図６は、強陽イオン交換膜を用いた試料調整によるシグナル検出の増強の結果を示すチャートである。図中、Ａは未処理の培養上清（2.5μl）の結果を示し、そしてＢはSCX処理した試料（3μl）の結果をしめす。図７は、培養細胞25株から得られたマススペクトルを示す。それぞれの培地は実施例に記載されているように処理し、3μLをH4チップで分析した。アステリスクは二価イオンを示している。図８は、膵がん由来継代細胞株6株より得られたマススペクトルを示す。プロトコールは実施例７に従った。
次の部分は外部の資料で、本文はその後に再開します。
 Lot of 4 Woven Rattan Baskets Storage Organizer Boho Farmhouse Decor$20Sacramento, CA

図９は、フェノールレッドを含有する培養上清と含有しない培養上清から試料調整した際のシグナルの違いを示す。１）は原液１μl、２）はフェノールレッドを含むRPMI培養上清50μl相当分、３）はフェノールレッドを含まないRPMI培養上清50μl相当分をMALDIで解析したチャートを示す。図10は、CapanI, KP3の培養上清を試料調整後にSELDIとMALDIで解析した結果を示す。
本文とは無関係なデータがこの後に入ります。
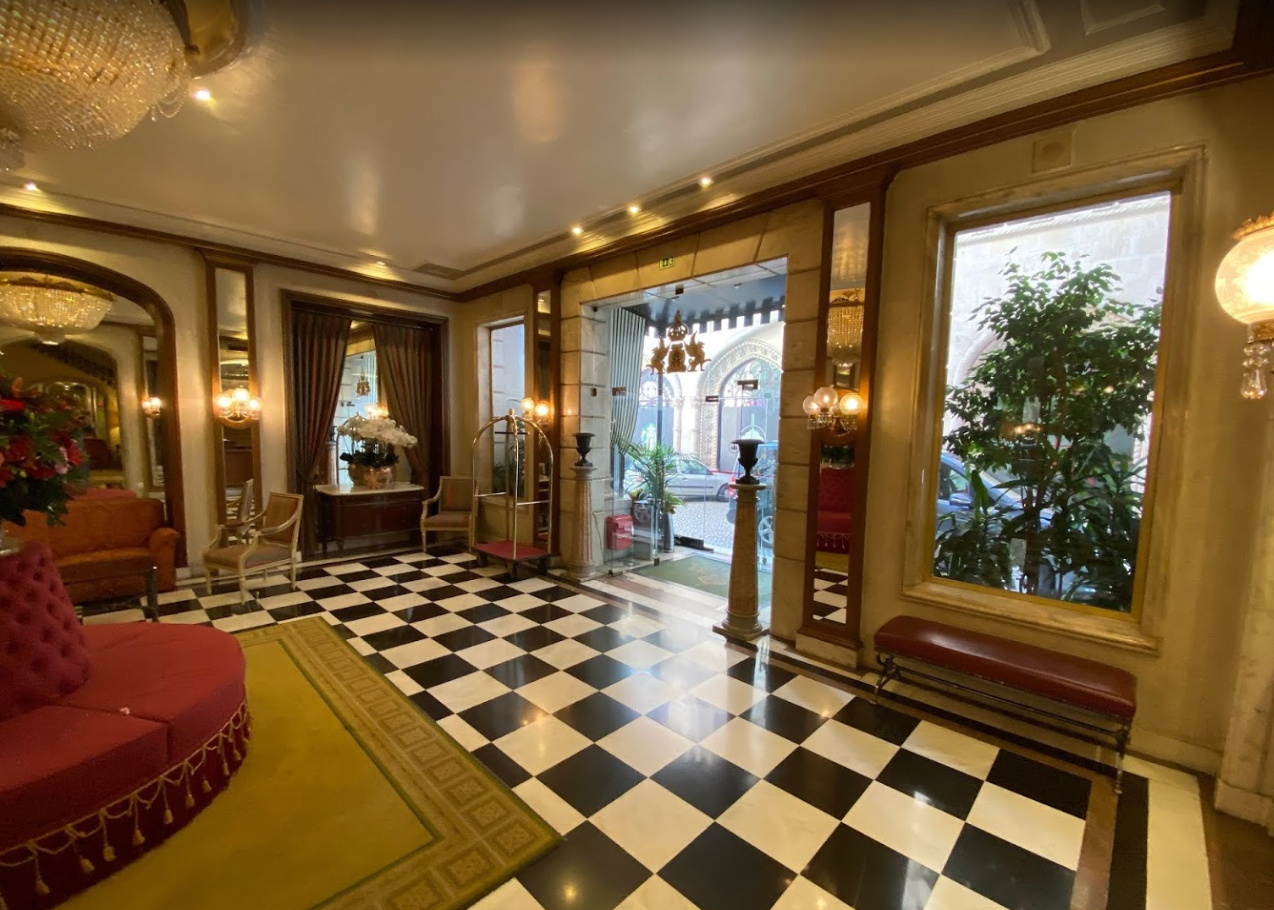 포르투갈 리스본여행의 호시오(rosio) 역 바로 옆에 있는 궁전같은 호텔 아베니다 팔라스 (Hotel Avenida Palace)는 지하철역에서 2분거리에 있음 엔티크한 분위기의 멋진 리스본호텔입니다. 아베니다 팔라스 (Hotel Avenida Palace) 호텔은 리스본의 5성급호텔로 호시우광장에 접해 있고 유명한 식당들이 주변에 많이 있습니다. 호텔객실은 천장이 높은 구조로 클래식한 가구로 인테리어 되어 있습니다.

図11は、DMBT1の2415-2426番目のアミノ酸にあたるペプチドLQTPPRREEEPRに対する血清と陰性対照である免疫前の抗血清でCapan-1の細胞上清を免疫沈降し、SELDI H4チップで質量分析を行った結果を示す。図12は、L129抗血清を用いてCapan-1、SUIT-4、PSN-1、YPK-2、PK-1細胞の細胞上清を免疫沈降しSELDI H4チップで質量分析を行った結果を示す。図13は、Capan-1細胞のCell lysateをL129抗血清を用いウエスタンブロットにより解析した結果を示す。

Claims

配列番号２に記載のアミノ酸配列と実質的に同一のアミノ酸配列の一部あるいは全部を含んで成る分泌性ペプチド。
配列番号２に記載のアミノ酸配列の一部あるいは全部から成る分泌性ペプチド。
請求項１又は２に記載のペプチドを検出あるいは定量する測定方法。
請求項１又は２に記載のペプチドを検出あるいは定量することにより、膵がんの診断を行うための診断キットあるいは診断薬。
請求項１又は２に記載のペプチドに対して結合するプローブ。
請求項１又は２に記載のペプチドに対して結合親和性を有する抗体。
ポリクローナル抗体またはモノクローナル抗体である請求項６に記載の抗体。
請求項７に記載のモノクローナル抗体を産生するハイブリドーマ。
請求項５に記載のプローブまたは請求項６もしくは７に記載の抗体を含む請求項３に記載の測定方法。
請求項５に記載のプローブまたは請求項６もしくは７に記載の抗体を含む請求項４に記載の診断キットまたは診断薬。